JAKARTA (RIAUPOS.CO) - Badan Reserse Kriminal (Bareskrim) Polri menyita uang tunai sebesar Rp173 miliar terkait penyidikan kasus korupsi proyek pengadaan bahan bakar minyak jenis solar untuk high speed diesel (HSD) PT PLN. Dalam kasus itu, Bareskrim menjerat mantan Direktur Utama PLN Nur Pamudji sebagai tersangka dan menahannya.
Direktur Tindak Pidana Korupsi Bareskrim Polri Kombes Djoko Poerwanto mengungkapkan, kasus itu terjadi saat Pamudji menjabat direktur energi primer di PLN pada 2010. Kala itu PT PLN mengadakan lelang penyediaan solar untuk PLTGU Tambak Lorok dan PLTGU Belawan.
Djoko menjelaskan, Pamudji mengadakan pertemuan dengan Presiden Direktur PT Trans Pacific Petrochemical Indotama (TPPI) Honggo Wendratmo sebelum proses lelang berjalan. Ada kongkalikong untuk memenangkan Tuban Konsorsium yang dipimpin PT TPPI untuk memenangi lelang proyek solar HSD.

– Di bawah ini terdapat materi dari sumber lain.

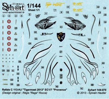 Syhart - 1/144 Scale Dassault Rafale C 113-HJ "Tigermeet 2013" EC1/7 "Provence" To save the "Tiger" traditions of the Ec 1/12 "Cambresis" after its retirement and the closure of Cambrai Ab on march 2012 (Syhart 072 & 073). The tiger badge from Cambresis squadron (SPA162) was reassigned to the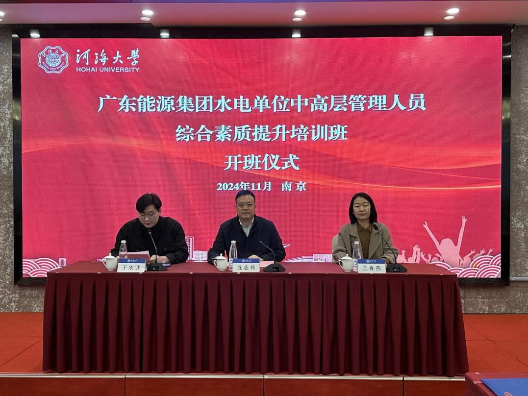 2024年11月19日,广东能源集团水电单位中高层管理人员综合素质提升培训班(第三期)在我校顺利开班。广东粤电枫树坝发电有限责任公司党委书记、执行董事、总经理连志伟,永利集团304am登录培训管理部主任王春燕出席开班仪式。永利集团304am登录区域教育培训中心于欣业主持开班仪式。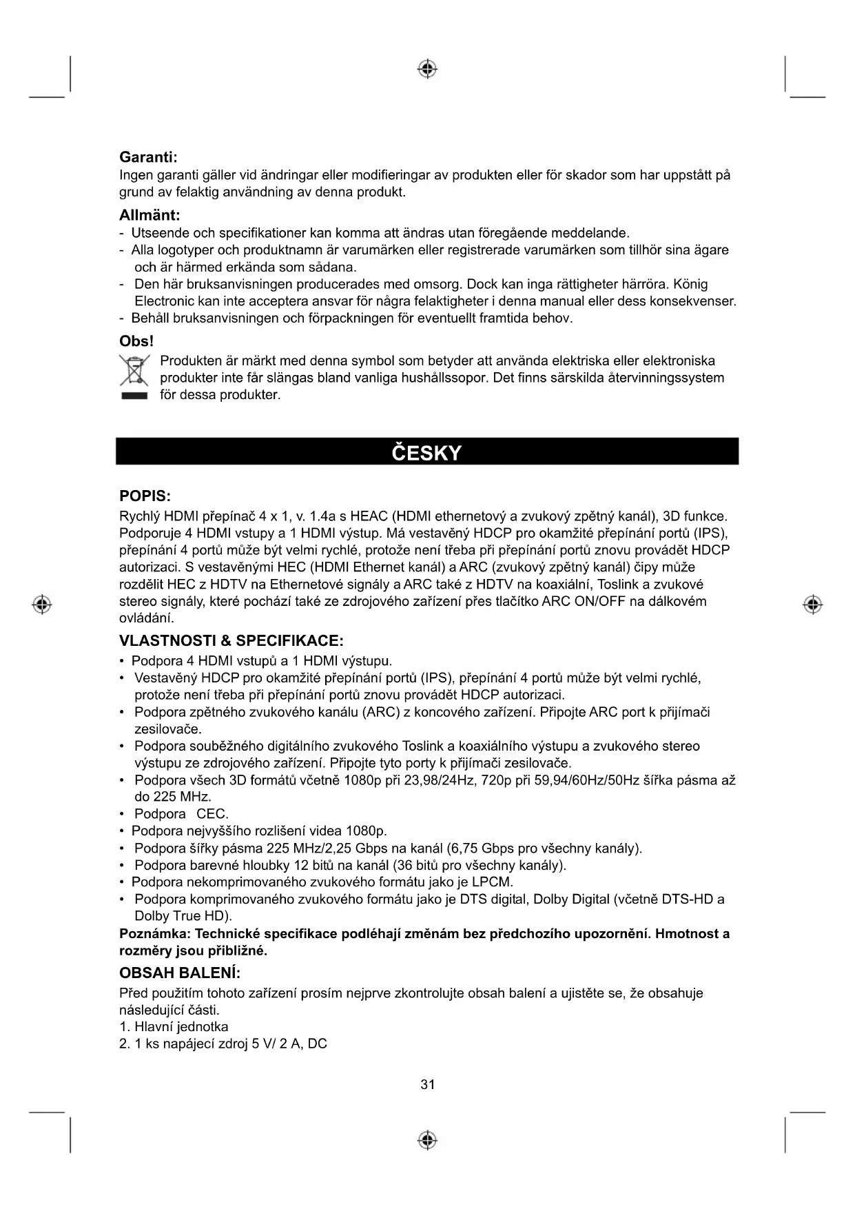 Přijímač zesilovače Blu-Ray DVD PS3 DVD Napájecí zdroj Ethernetový Zvukový kabel34 Bezpečnostní opatření: Abyste snížili riziko úrazu elektrickým šokem, měl by být tento výrobek otevřen POUZE autorizovaným technikem, je-li to nezbytné. V případě, že dojde k závadě, odpojte výrobek ze sítě a od jiných zařízení. Výrobek nevystavujte vodě nebo vlhkosti. Údržba: K čištění používejte pouze suchý hadřík. Nepoužívejte čisticí rozpouštědla ani abrazivní prostředky. Záruka: Jakékoli změny, modifikace nebo poškození zařízení v důsledku nesprávného zacházení se zařízením ruší platnost záruční smlouvy. Obecné upozornění: - Design a specifikace výrobku mohou být změněny bez předchozího upozornění. - Všechna loga a obchodní názvy jsou registrované obchodní značky příslušných vlastníků a jsou chráněny zákonem. - Tento manuál byl sestaven pečlivě. Avšak žádná práva nemohou být odvozena. König Electronic nemůže přijmout zodpovědnost za jakékoliv omyly v tomto manuálu ani za jejich důsledky. - Pro budoucí použití uschovejte tento návod a obal. Upozornění: Tento výrobek je označen tímto symbolem. To znamená, že se s výrobkem musí zacházet jako s nebezpečným elektrickým a elektronickým odpadem a nelze jej po skončení životnosti vyhazovat s běžným domácím odpadem. Pro likvidaci těchto výrobků existují zvláštní sběrná střediska.

’’Proses pengadaan yang dilakukan oleh panitia pengadaan di PT PLN atas perintah dari tersangka NP (Nur Pamudji, red) untuk memenangkan Tuban Konsorsium. PT TPPI selaku leader dari konsorsium itu,’’ kata Djoko dalam jumpa pers di Bareskrim Polri, Kebayoran Baru, Jakarta Selatan, Jumat (28/6/2019).
Menurutnya, ada upaya memaksakan Tuban Konsorsium sebagai pemenang lelang. Sebab, konsorsium itu sebenarnya tidak memenuhi syarat sebagai pemenang tender kontrak pengadaan solar HSD selama 4 tahun terhitung dari 10 Desember 2010 sampai 10 Desember 2014.
Ternyata Tuban Konsorsium tidak mampu memasok BBM jenis solar untuk PLTGU Tambak Lorok dan PLTGU Belawan sesuai dengan perjanjian jual beli setelah sekitar 1 tahun kontrak berjalan. Akibatnya, PT PLN harus membeli solar HSD dari pihak lain yang harganya lebih mahal ketimbang nilai kontrak PLN dengan Tuban Konsorsium.
’’Yang mana mengakibatkan PT PLN mengalami kerugian,’’ paparnya. Lebih lanjut Djoko mengatakan, pengungkapan kasus itu tergolong lama. Setelah ada laporan polisi (LP) nomor LP/694/VI/2015/Bareskrim tanggal 5 Juni 2015, Bareskrim baru menerbitkan surat perintah penyidikan bernomor Sprin.Sidik/155.a/VIII2017/Tipidkor pada 9 Agustus 2017.
Menurut Djoko, lamanya pengungkapan kasus itu karena korupsinya berbeda dari kejahatan konvensional. Karena itu dibutuhkan akurasi untuk membuktikan adanya perbuatan melawan hukum. Selain itu, Honggo selaku presiden direktur PT TPPI juga melarikan diri ke luar negeri. Namun, sejauh ini tersangka dalam kasus itu baru Nur Pamudji.